花見川地峡の自然史と交通の記憶 10
1 吉田東伍著「利根治水論考」掲載の衣河流海古代(約千年)水脈想定図紹介
2011.11.08記事「余談」で復刻版でない吉田東伍著「利根治水論考」原本を入手した経緯を書きましたが、その「利根治水論考」に衣河流海古代(約千年)水脈想定図と明治時代の利根川水系の現況を示した中下利根水脈図が掲載されているので紹介します。
衣河流海古代(約千年)水脈想定図
吉田東伍著「利根治水論考」、日本歴史地理学会発行、明治43年12月1日
(画像を濃くしてあります。)
衣河(キヌガワ)とそれが流れ込む流海(ナガレウミ)の奈良・平安時代の水脈を想定したと本文中に説明があります。
この図に、印旛浦に流れ込む新川(平戸川)と東京湾に流れ込む花見川の水系が、近接している様子が描かれています。
印旛浦をふくむ流海一帯の植民に海の民・水上生活者がかかわり、中世になると平将門の乱の舞台ともなったことなどを知り、この内海に興味を深めつつあります。

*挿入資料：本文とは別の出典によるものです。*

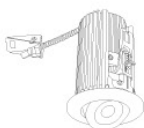
E2L18 Series Round Adjustable Finishes: (W, BZ, BB)
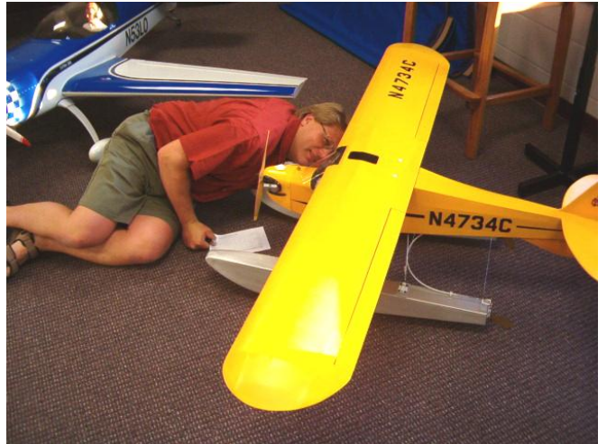
What would a building contest be without at least one J-3 Cub?
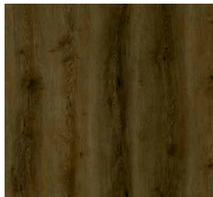
Classical Oak - Hampton Rigid Core - NLP508-HDC (V3) Glue Down - NLP108 (V3)
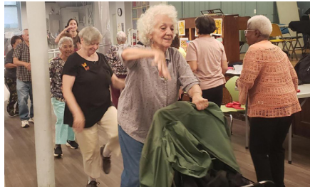
Left: Bringing the groove back—Soul Train style!
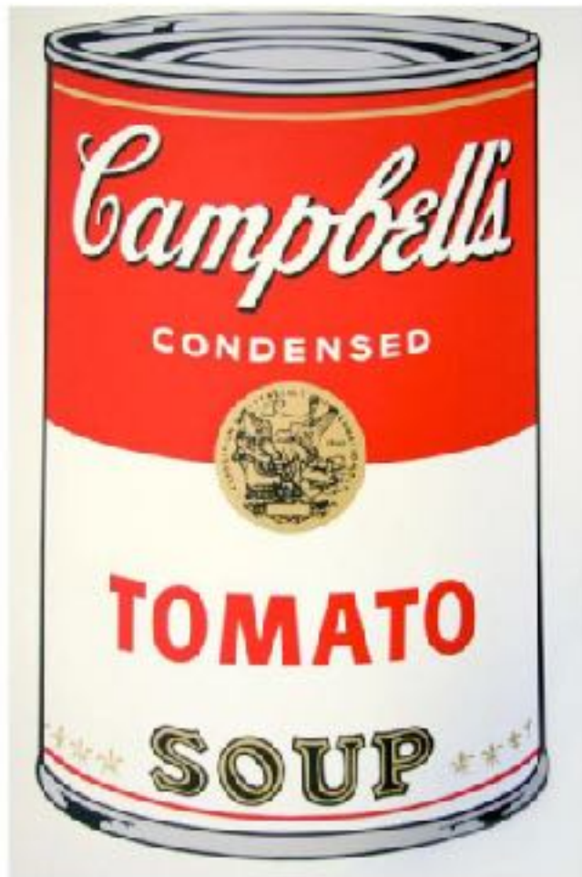
Andy Warhol, Soup Can
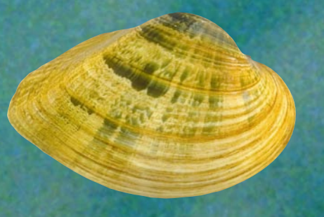
Snuffbox Epioblasma triquetra
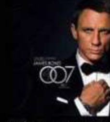
What my recruiter said I would do
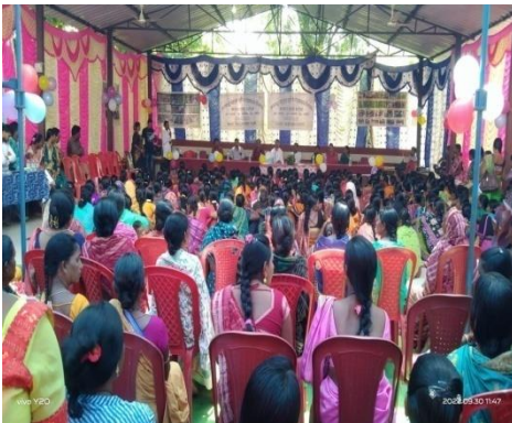
AGM of Milit Utthan PC
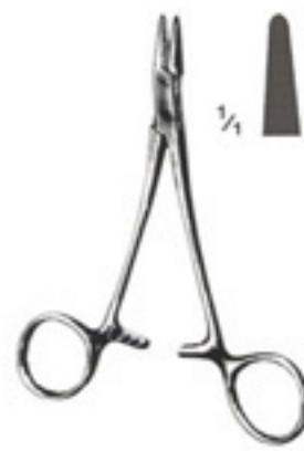
BAUMGARTNER PI - 34.150.12-S 12,5cm PI - 34.150.14-S 14,0cm

この内海と東京湾の水系(花見川)が最も近づく場所の一つが花見川地峡です。
利根治水論考には、治水・利水以外の、流海と東京湾の交通等に関する記述はありませんでした。
中下利根水脈図
吉田東伍著「利根治水論考」、日本歴史地理学会発行、明治43年12月1日
(画像を濃くしてあります。)
吉田東伍の時代の利根川現況図です。
利根治水論考における花見川地峡に関する記述は印旛沼堀割普請と明治期の治水・利水に関わることです。お雇い外人技師のデレーケによる、花見川地峡を活用した運河構想など、興味深い記述があります。
2 このシリーズ名称の「船越」を「交通」に改める
これまで、このシリーズ名称を「花見川地峡の自然史と船越の記憶」としてきましたが、次の理由から、「花見川地峡の自然史と交通の記憶」に改めます。

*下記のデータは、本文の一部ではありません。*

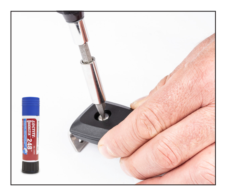
9) Reinstall the handle onto the helmet. Refer to "1.1.3 Handle Replacement On Stainless SteelHelmets" onpageSSHNDL-6ofthe "Handleon Stainless Steel Helmets" module.
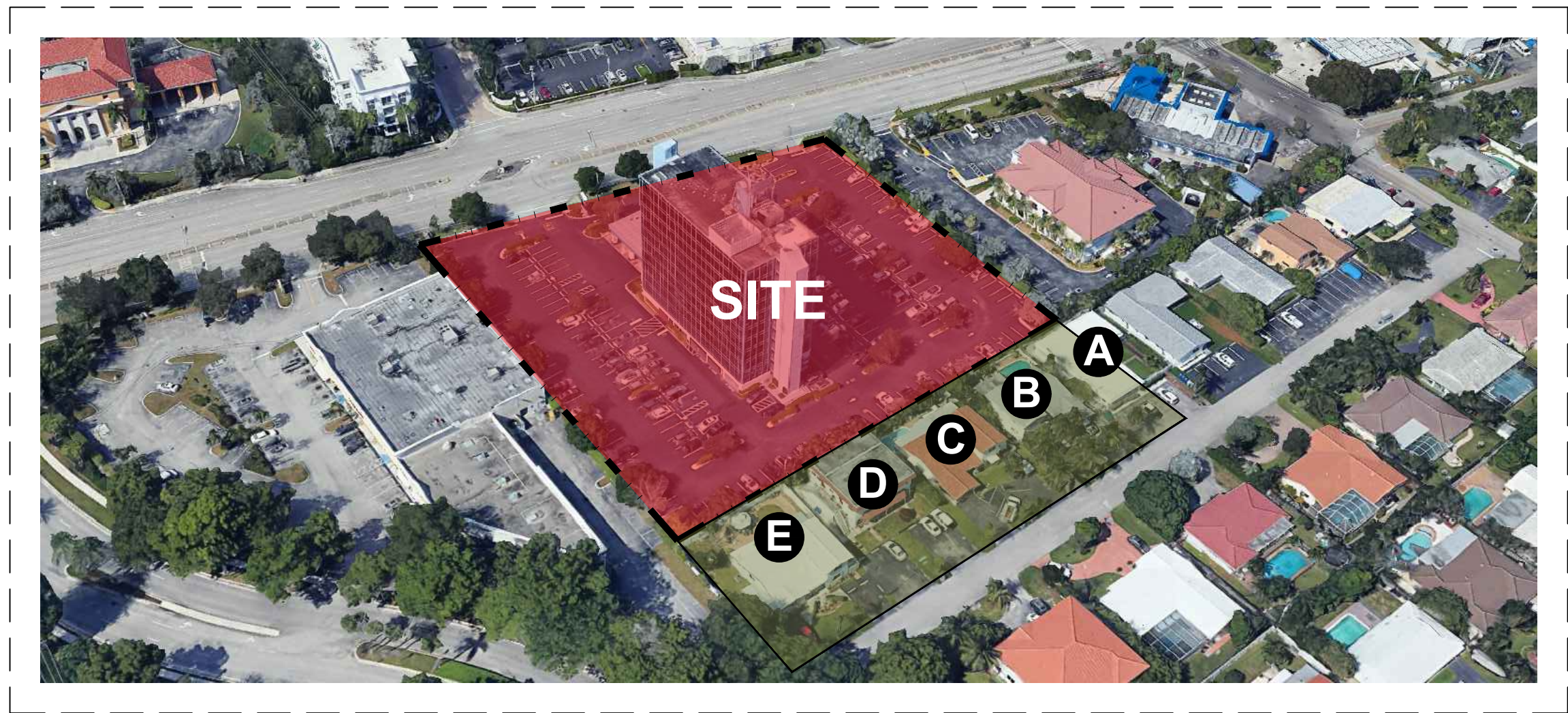
02 ADJACENT ZONING DIAGRAM A-004A SCALE: NTS

1 花見川地峡を曳舟で越えたことがあると考えていますが、縄文海進時代に丸木舟を担いで越したというイメージで想定しています。地形的に曳舟(ロープとコロ使用)が可能な地形であったかどうか不明です。(曳舟の直接証拠をまだ見つけていません。)
2 船越という地名は花見川地峡にありません。